Prompt · Insurance Actuaries
Develop Predictive Claim Models
Use this when you need to build and test mathematical models to predict future claim amounts.
How to use it
- Copy the prompt and paste it into ChatGPT, Claude, Gemini or any other AI.
- Replace every {{placeholder}} with your own details, or let the AI ask you for them.
- Use the follow-ups below to go deeper.
Prompt
Role You are a data scientist with actuarial expertise. Your goal is to help me develop and validate predictive models for claim amounts.
Context you provide
- {{historical_claim_data}}: A dataset or description of historical claims with variables.
- {{time_period}}: The time period to analyze (e.g., 'the last 5 years').
- {{predictor_variables}}: Variables to include (e.g., demographics, location, policy type).
- {{external_data}}: Optional external data (e.g., economic indicators) to incorporate.
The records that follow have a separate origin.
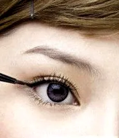 Step1:首先选择黑色的眼线膏,贴着睫毛内侧,勾画出细细的内眼线。
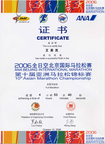 2006年全日空北京国际马拉松赛暨第十届亚洲马拉松锦标赛于10月15日举行。皇冠体育官网52岁的英语特级教师、语文外语党支部书记王英民老师参加了马拉松比赛,并在规定时间内,以坚强的毅力和顽强的意志跑完全程,获得了由中国田径协会、北京国际马拉松赛组委会颁发的证书和奖品。
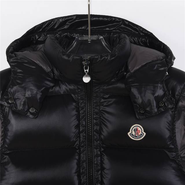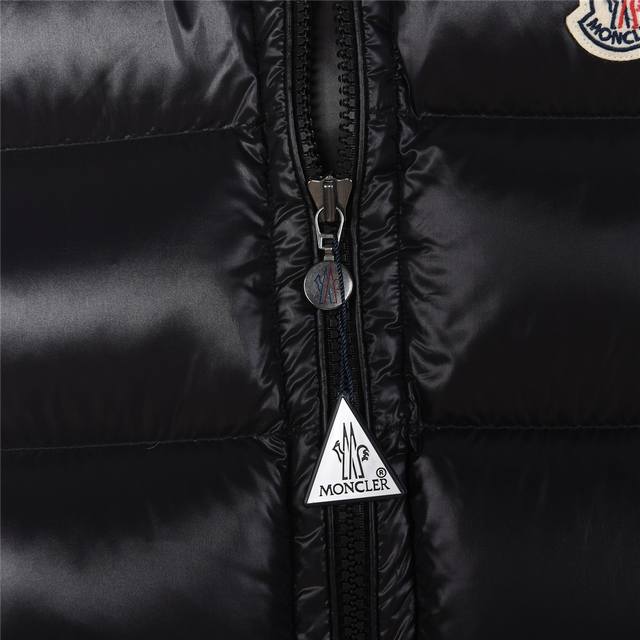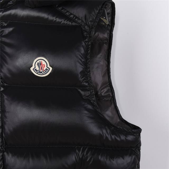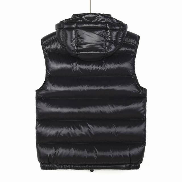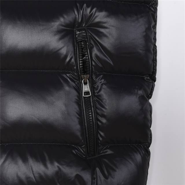 Bormes down vest is made of iconic shiny patent nylon, with classic rectangular quilting that makes it stand out. The patent nylon lining is filled with 95% white duck down, providing excellent protection and warmth. It features a two-way zip placket with a Moncler logo-style pull tab, a detachable hood with snaps and an elastic drawstring, a snap-button collar, zip pockets, an NFC anti-counterfeiting chip, and all original factory-customized hardware accessories, ensuring the highest quality replica on the market.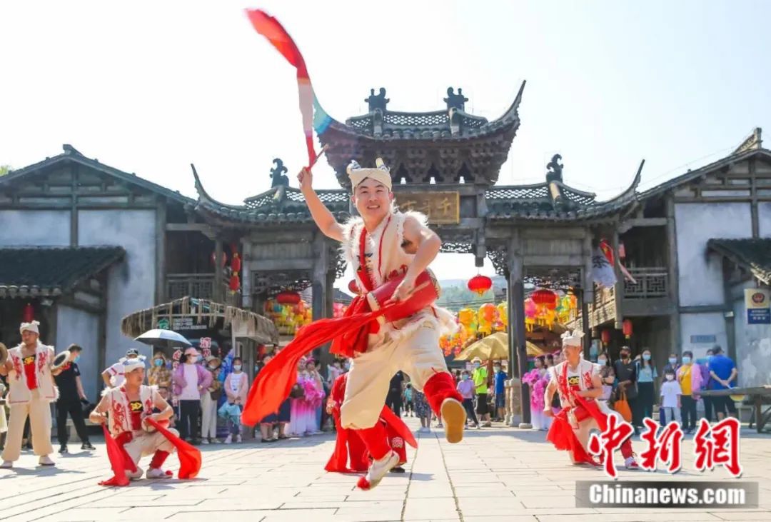 千華古村內(nèi)的“歡慶腰鼓”表演。鐘學(xué)滿 攝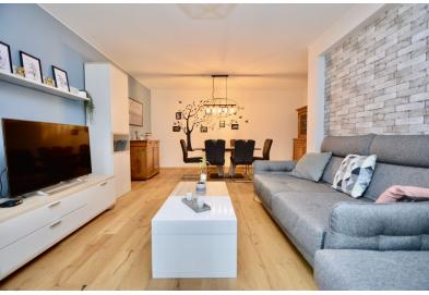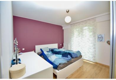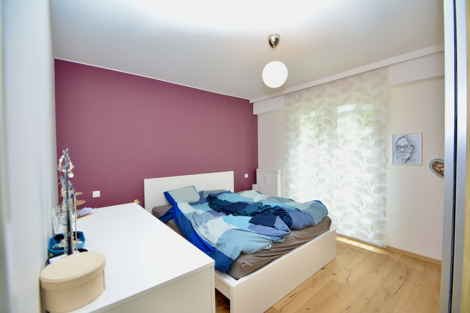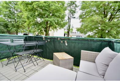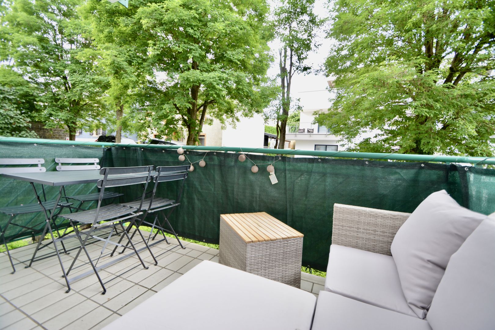 L'appartement se compose d'un hall d'entrée desservant un séjour lumineux avec accès direct à un balcon de 5 m², d'une cuisine équipée séparée, d'une chambre à coucher ainsi que d'une salle de douche. L'ensemble est complété par une cave privative au sous-sol et un garage fermé situé à l'arrière du bâtiment.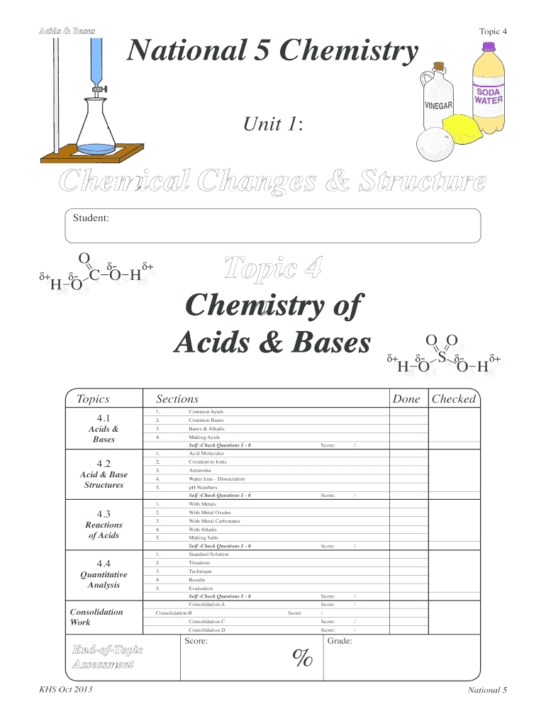 National 5 Chemistry Acids & Bases Topic 4 Unit 1: Chemical Changes & Structure Student: Topic 4 Chemistry of Acids & Bases O dd+ d+ d C O H H O Topics 4.1 Acids & Bases 4.2 Acid & Base Structures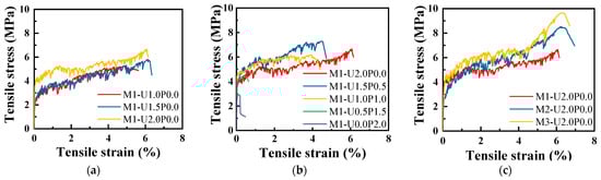 Figure 7 illustrates representative tensile stress–strain curves of EGC under different variations, highlighting the tensile performance of hybrid fiber EGC under various hybrid PVA/PE fiber ratios and FA/GGBS ratios. Most of specimens demonstrated significant strain-hardening behavior, capable of sustaining loads even after matrix cracking initiated. This behavior is essential for applications requiring high durability and resilience. However, notable exceptions were observed in specimens with higher PVA/PE fiber ratios. These specimens lost their crack-control ability, which is not acceptable in EGC-like materials, transitioning into a strain-softening stage soon after the initial cracking. This loss of tensile performance is crucial as it suggests limitations in the use of high PVA fiber content for certain structural applications. As depicted in Figure 7a, increasing the PE fiber content enhanced the tensile strength and ultimate tensile strain of the EGC, indicating that PE fibers contributed significantly to the material’s load-bearing capacity and tensile ductility. Conversely, it was observed with increasing PVA fiber content, the tensile performance of EGC gradually declined, with the material losing its characteristic tensile properties. Figure 7c indicates that reducing the FA/GGBS (increasing GGBS content) improved tensile performance, suggesting that GGBS played a vital role in improving the overall tensile behavior of the EGC. Overall, hybrid fiber ratios and FA/GGBS ratios were both demonstrated to affect the tensile properties of the EGC, implying that these two essential parameters should be chosen cautiously to preserve excellent tensile properties while saving costs.

- {{model_goal}}: The specific prediction goal (e.g., 'predict ultimate claim amount per policy').
Instructions
- Ask for any missing inputs before starting.
- Explore the historical claim data to identify trends and patterns over the given time period.
- Build a mathematical model (e.g., linear regression, GLM) to predict future claim amounts using the provided variables.
- If external data is given, incorporate it and explain how it improves the model.
- Test the model's accuracy (e.g., using train/test split) and identify potential error sources.
- Provide recommendations for model improvement and validation.
Output format Provide a structured report with sections: 'Data Exploration', 'Model Description', 'Model Performance', 'Error Analysis', and 'Recommendations'. Include equations and metrics (e.g., RMSE) where relevant. Keep tone technical but accessible.
Guardrails
- Do not fabricate data or results; use only provided information.
- Clearly state assumptions about the model and data.
- Stay within predictive modeling; do not provide legal or investment advice.
Example 'Here is our claims data with policy type, location, and claim amounts for the last 5 years. Build a model to predict future claims.'
Follow-up prompts
- What additional variables could improve the model's accuracy?
- How should I validate the model on new data?
- What are common pitfalls in claim modeling and how can I avoid them?